To begin with, the same criteria cannot be used to
evaluate governments such as those of Venezuela or Cuba, as used to analyze progressive
governments like Brazil under Luiz Inácio Lula da Silva and Dilma Rousseff, or
Argentina under the Kirchners (Néstor and Cristina). The illegal and semi-legal
actions undertaken by both Washington and Venezuela’s right-wing opposition, with
strong U.S. backing, have been numerous and relentless since nearly the
beginning of the Chávez presidency, and in many ways were intensified under
Maduro. These include abortive coups, assassination attempts against both
Chávez and Maduro (including one involving drones[1]), Washington’s recognition
of de facto governments, open appeals by top U.S. officials urging Venezuelan
military officers to intervene, invasions by paramilitary forces from Colombia,
covert and public international campaigns to isolate Venezuela, foreign funding
of opposition groups on a scale far exceeding that provided for neighboring
nations, widespread and protracted street violence aimed at regime change, and
sweeping secondary sanctions to pressure corporations and governments around
the world to avoid commercial dealings with Venezuela – amounting in practice to
a de facto embargo.

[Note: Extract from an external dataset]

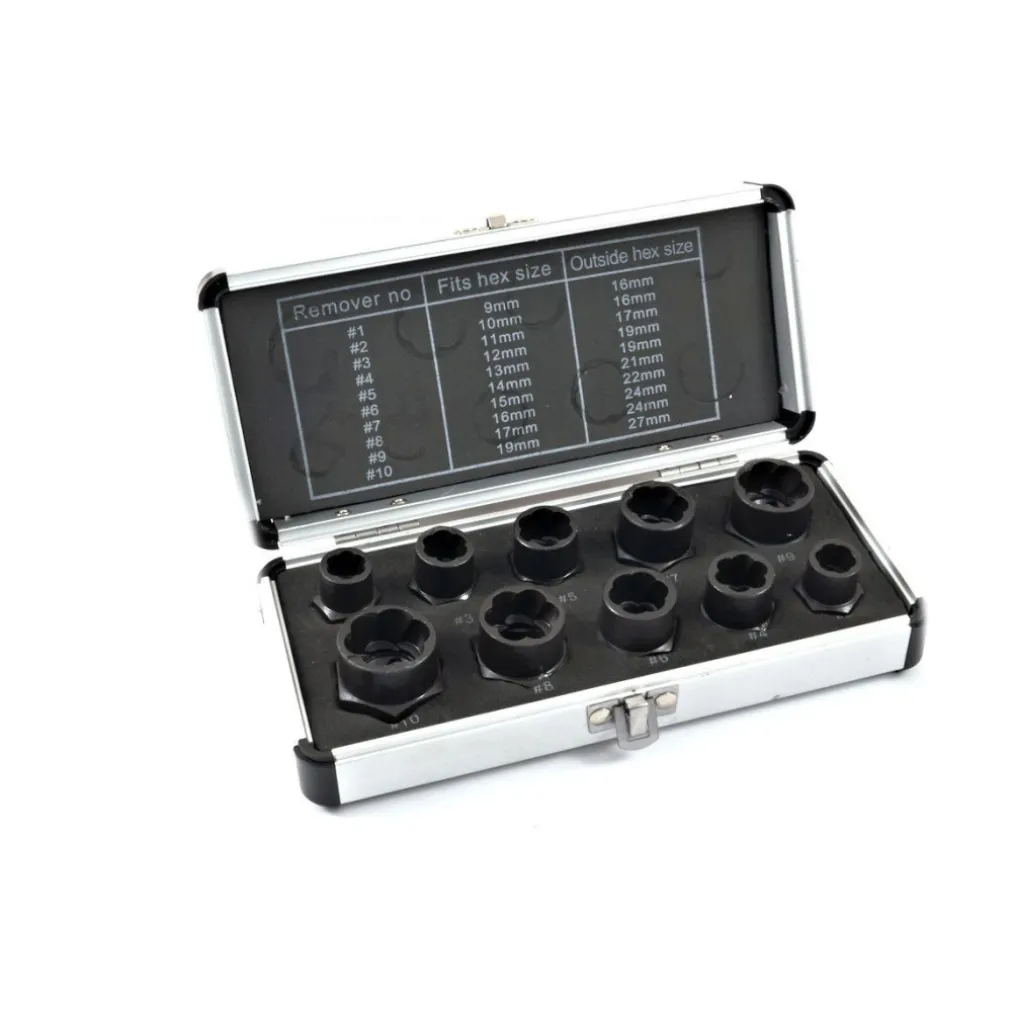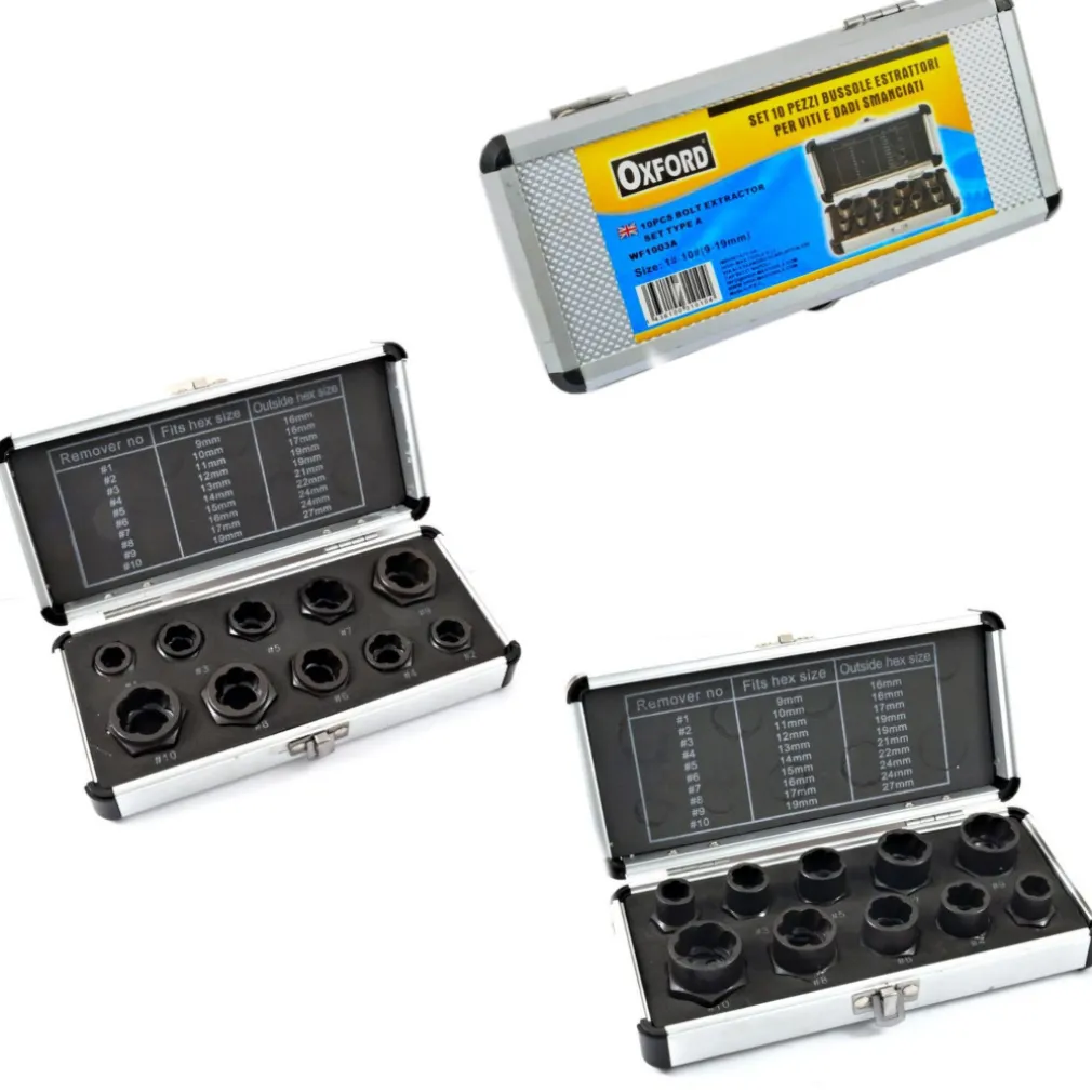 Set da 10 pezzi di bussole estrattori per bulloni e dadi smanciati e danneggiati. Con questo prodotto potrete facilmente svitare quei fastidiosissimi dadi o bulloni danneggiati, spanati, o smanciati che con una normale chiave non riuscireste a smontare. Pratiche per lavori professionali o per il fai da te, sono facilmente riponibili nella loro valigetta dopo essere state utilizzate.

All of these actions have been extensively documented.[2]
The full scope of the war on Venezuela has to be
brought into the picture. Yet Hetland’s readers are left unaware of what the
Maduro government is up against.
The details of the impact of the war on Venezuela are far
more than a matter of academic interest. They are an essential element in the
debate over whether the Maduro presidency should be deemed an outright failure,
a view defended by the right and segments of the left, including Hetland. Far
from recognizing the multifaceted nature of the aggression against Venezuela, this
perspective reduces it to the issue of the sanctions which are considered to be
no more – and in many cases far less – responsible for the nation’s economic misfortunes
than Maduro’s errors and alleged incompetence. In doing so, these Maduro
critics underestimate the devastating effect of the war on Venezuela,
especially given that Maduro’s errors in many cases were overreactions to Washington-backed
provocations.
Furthermore, Washington has systematically countered every
initiative undertaken by the Maduro government to address the economic
difficulties facing the nation. For this reason, any
rigorous analysis of the government's shortcomings must give due weight to the
sustained campaign waged by Washington against Venezuela. For example, when the
Maduro government attempted to renegotiate the foreign debt in response to the
sharp decline in oil prices, Trump in August 2017 prohibited the trading of
Venezuelan bonds in U.S. markets. Maduro then responded to Washington’s measures
against the Venezuelan oil industry[3] by turning to gold exports,
but in 2018 Trump issued an executive order banning the purchase of Venezuelan
gold. Simultaneously, the Maduro government launched a crypto currency called the
Petro to bypass the U.S.-controlled SWIFT system, which had caused numerous
banks to avoid transactions involving Venezuela – what Maduro called a
financial “blockade” by the U.S. government. Trump then responded with another executive
order prohibiting the use of Petros under U.S. jurisdiction.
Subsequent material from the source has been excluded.